MidwestNavySeal June 3, 2012, 3.46 CT
But
we don’t. What about the Berlin
Blockade? I seem to remember that there was aviation of some kind involved
there.
UKType42Destroyer June 3, 2012, 9.49 GMT
Yes there was,
and a jolly good thing too. But it’s the political aspect that’s always stressed;
not the use of aircraft. And have you looked at the report of the cargo brought
in to save the free people of West Berlin .
Here’s a report from the (London )
Times on Wikipedia.
“…The United States Army Air
Force and the British Royal Air Force organized a massive effort to deliver
needed water chlorination equipment, snorkels, water wings, nose plugs, food,
coal, and medical supplies into Berlin to thwart the Soviet blockade. The
round-the-clock operation, which became known as the Berlin
Airlift, sustained the residents of West Berlin …”
Look
at those priorities, MNS. The Soviets were trying to starve the city and the
first stuff off the transports was swimming equipment, ffs! And whatever
happened to your air force, and ours? Why did Humanity abandon powered flight
in its newfound obsession with swimming and all things maritime?

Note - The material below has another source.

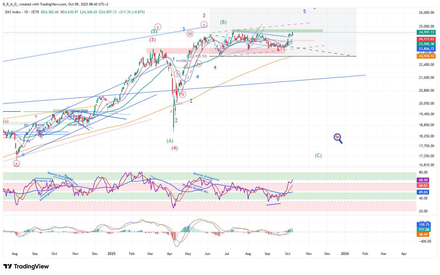 A következő időszakban emelkedésre számítunk, melynek az elsődleges célára 24.578, a másodlagos 24.700.

MidwestNavySeal June 3, 2012, 3.55 CT
Maybe
we were doing important things, like Neil Armstrong planting the flag at the
bottom of the Marianas Trench , huh? Why don’t
you go and watch the Queen doggy-paddling up the Thames
for her Diamond Jubilee? You deserve to be in a zoo somewhere Type42, with the dugongs
and manatees and Bigfoot.
UKType42Destroyer June 3, 2012, 9.59 GMT
“…
one giant dive for Mankind.” Very noble and jolly well done. But why head down
into the oceans instead of heading up into outer space?
And what kind of global rallying cry is ‘Watch the Seas anyway?’ Who gains?
2 comments:
Wow. Love the presentation! That's some real dedication. Also - fascinatingly bizarre. I quite enjoyed this.
Why, thank you Jeff, and welcome. Despite my pretty obvious and predictable favourite genre, I'm working on learning the writing trade and one thing I want to do is learn how to exaggerate or eliminate or twist ordinary things into extremes, or glaring absences or into obsessions.